== WHAT TO DO ==
Within the entries below, the lines from the one with "Стеклянное ограждение для" through the one with "シャツワンピ ロングシャツ ワンピース" are to be set down exactly, both ends kept.

++++ INPUT DATA ++++

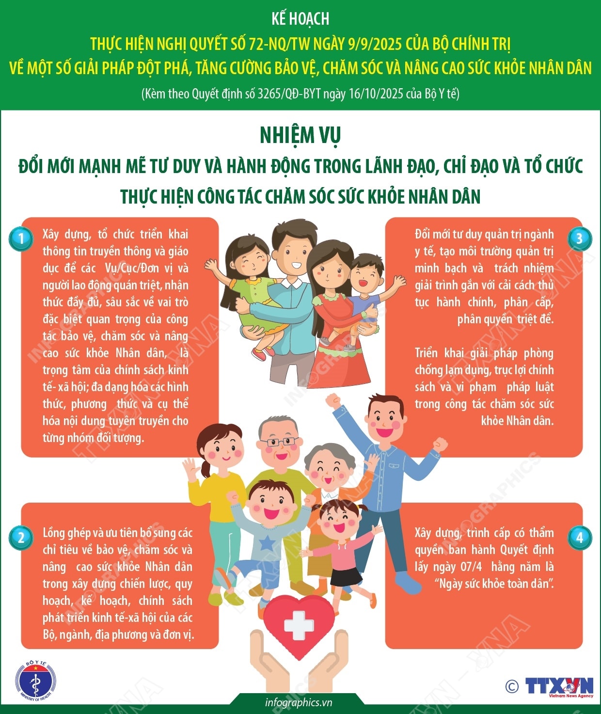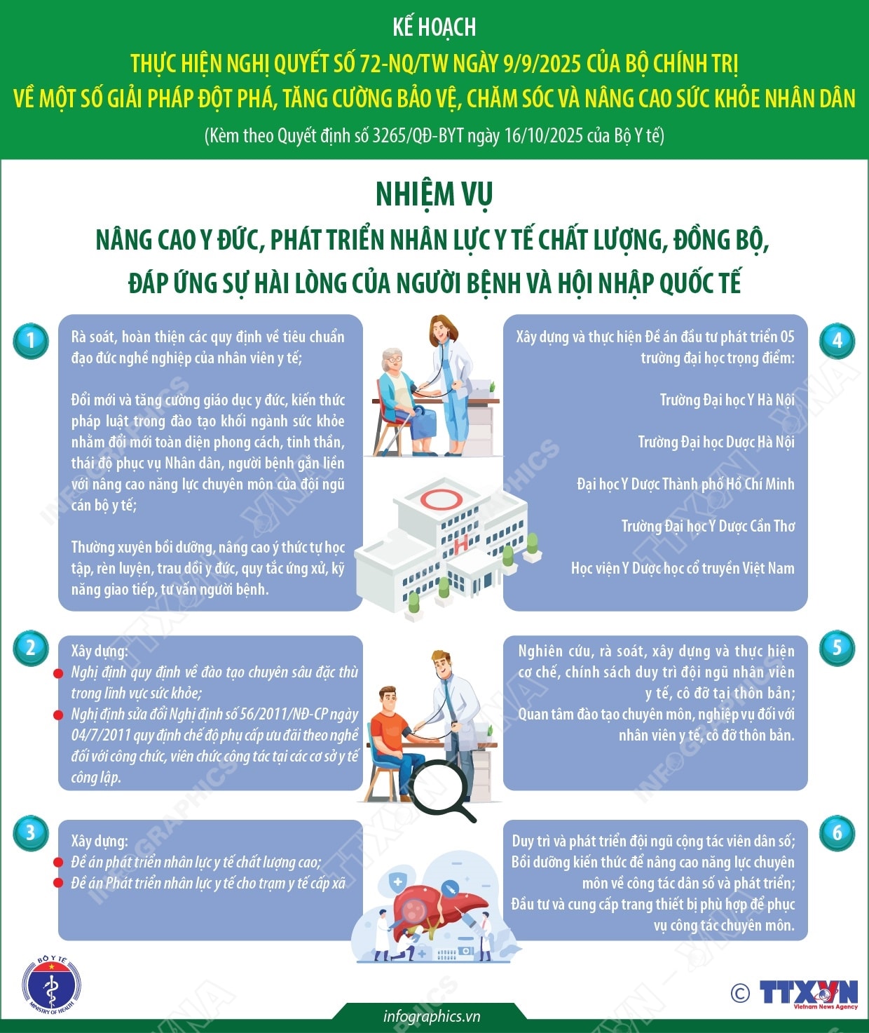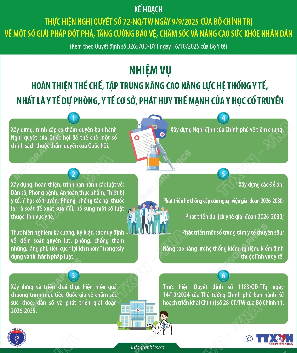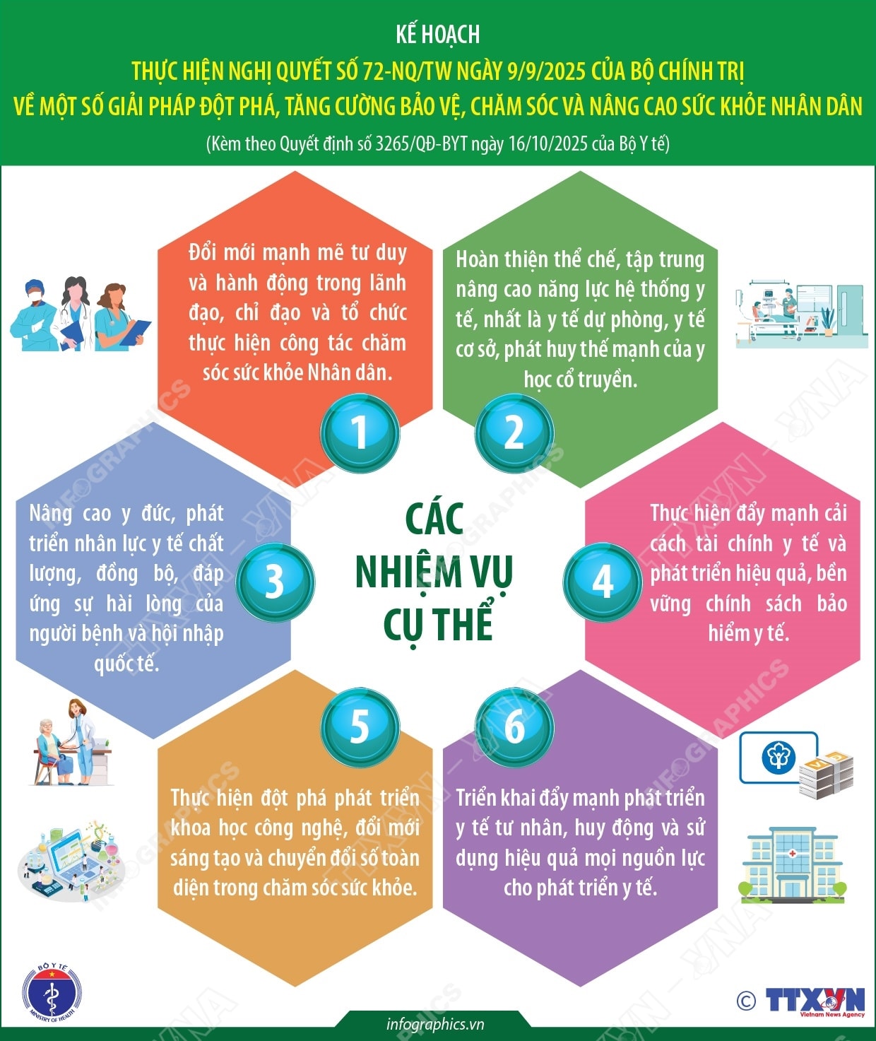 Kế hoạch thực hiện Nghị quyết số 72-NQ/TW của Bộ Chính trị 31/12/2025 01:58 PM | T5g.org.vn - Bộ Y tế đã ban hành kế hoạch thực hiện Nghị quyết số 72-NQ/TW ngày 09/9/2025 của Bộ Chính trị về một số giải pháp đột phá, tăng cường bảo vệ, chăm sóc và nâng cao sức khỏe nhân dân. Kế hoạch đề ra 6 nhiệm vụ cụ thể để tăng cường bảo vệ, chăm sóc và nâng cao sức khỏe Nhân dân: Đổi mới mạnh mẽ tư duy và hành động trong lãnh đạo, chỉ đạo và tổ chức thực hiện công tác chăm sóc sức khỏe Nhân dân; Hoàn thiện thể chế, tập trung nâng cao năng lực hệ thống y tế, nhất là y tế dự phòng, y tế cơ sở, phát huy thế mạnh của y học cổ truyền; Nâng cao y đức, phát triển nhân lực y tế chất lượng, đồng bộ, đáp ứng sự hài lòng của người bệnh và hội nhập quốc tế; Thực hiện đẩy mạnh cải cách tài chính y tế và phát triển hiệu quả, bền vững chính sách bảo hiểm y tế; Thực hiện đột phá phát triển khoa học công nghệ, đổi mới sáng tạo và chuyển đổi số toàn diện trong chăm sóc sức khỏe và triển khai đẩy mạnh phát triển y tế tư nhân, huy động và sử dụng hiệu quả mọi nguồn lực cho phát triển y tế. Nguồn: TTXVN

++++
++++ INPUT DATA ++++

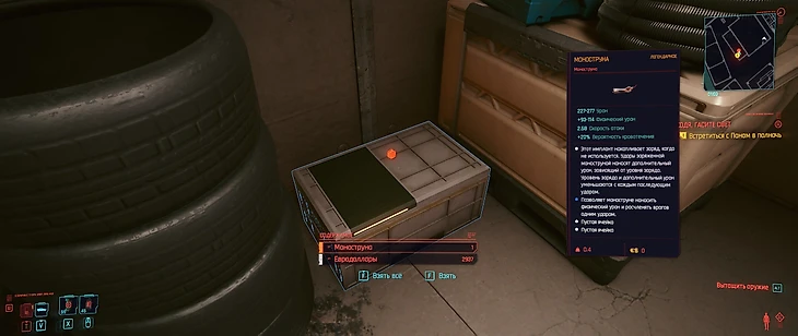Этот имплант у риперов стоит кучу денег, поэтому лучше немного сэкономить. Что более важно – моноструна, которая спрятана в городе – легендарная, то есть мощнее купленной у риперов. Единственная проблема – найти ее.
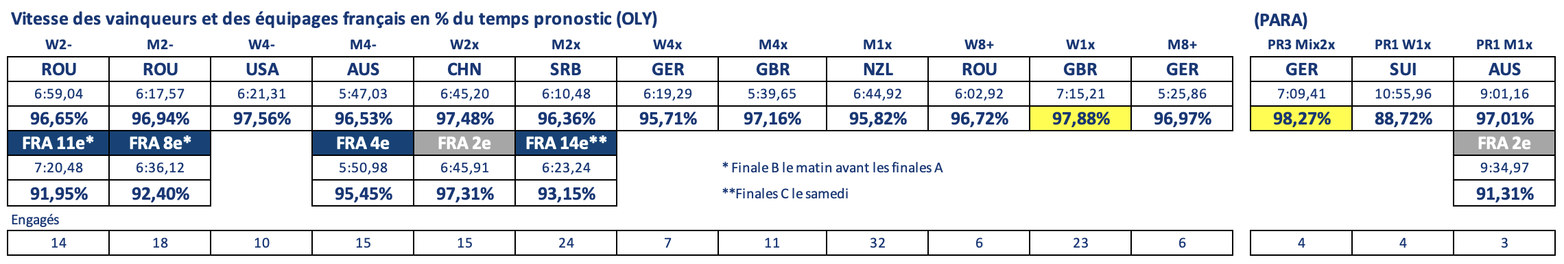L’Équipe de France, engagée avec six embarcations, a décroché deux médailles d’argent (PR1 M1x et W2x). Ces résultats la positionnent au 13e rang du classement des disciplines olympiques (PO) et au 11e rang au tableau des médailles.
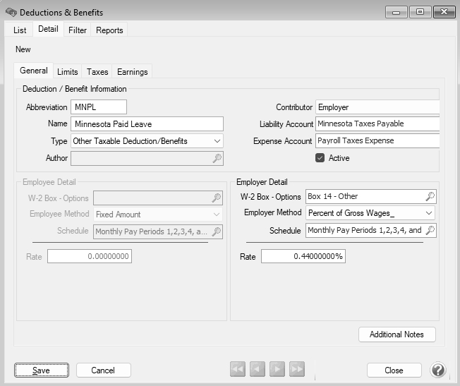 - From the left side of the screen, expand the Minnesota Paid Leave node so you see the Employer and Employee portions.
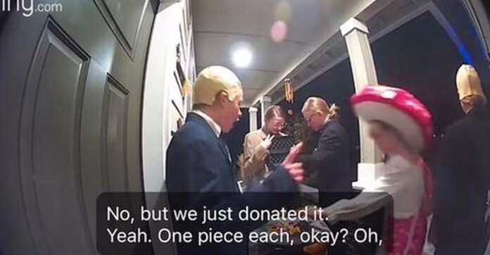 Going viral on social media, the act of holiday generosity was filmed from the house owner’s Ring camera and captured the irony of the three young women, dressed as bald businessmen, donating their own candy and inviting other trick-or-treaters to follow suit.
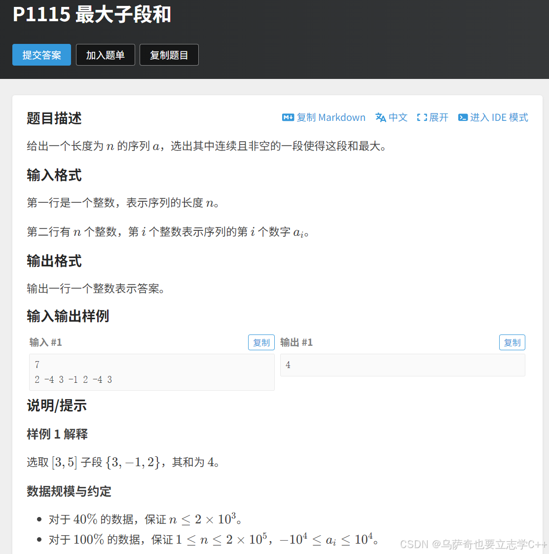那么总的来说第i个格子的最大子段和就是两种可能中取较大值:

++++
++++ INPUT DATA ++++

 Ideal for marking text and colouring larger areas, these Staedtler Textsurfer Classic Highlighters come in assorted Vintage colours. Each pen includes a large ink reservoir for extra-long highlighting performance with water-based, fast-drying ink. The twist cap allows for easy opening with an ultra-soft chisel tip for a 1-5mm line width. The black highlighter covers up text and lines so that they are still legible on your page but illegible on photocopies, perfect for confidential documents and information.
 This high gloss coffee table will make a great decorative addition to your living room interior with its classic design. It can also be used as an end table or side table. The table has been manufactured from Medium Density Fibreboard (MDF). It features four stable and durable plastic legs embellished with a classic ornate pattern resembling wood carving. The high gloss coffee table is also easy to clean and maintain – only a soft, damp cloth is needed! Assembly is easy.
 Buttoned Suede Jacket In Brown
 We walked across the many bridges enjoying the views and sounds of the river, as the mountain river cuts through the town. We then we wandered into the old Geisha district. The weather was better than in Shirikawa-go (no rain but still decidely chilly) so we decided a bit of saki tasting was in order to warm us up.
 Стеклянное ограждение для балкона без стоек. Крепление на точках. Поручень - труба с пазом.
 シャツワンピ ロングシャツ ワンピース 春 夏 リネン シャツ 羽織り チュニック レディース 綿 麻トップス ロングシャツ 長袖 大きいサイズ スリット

++++

== RESULT OF THIS TASK ==
 Стеклянное ограждение для балкона без стоек. Крепление на точках. Поручень - труба с пазом.
 シャツワンピ ロングシャツ ワンピース 春 夏 リネン シャツ 羽織り チュニック レディース 綿 麻トップス ロングシャツ 長袖 大きいサイズ スリット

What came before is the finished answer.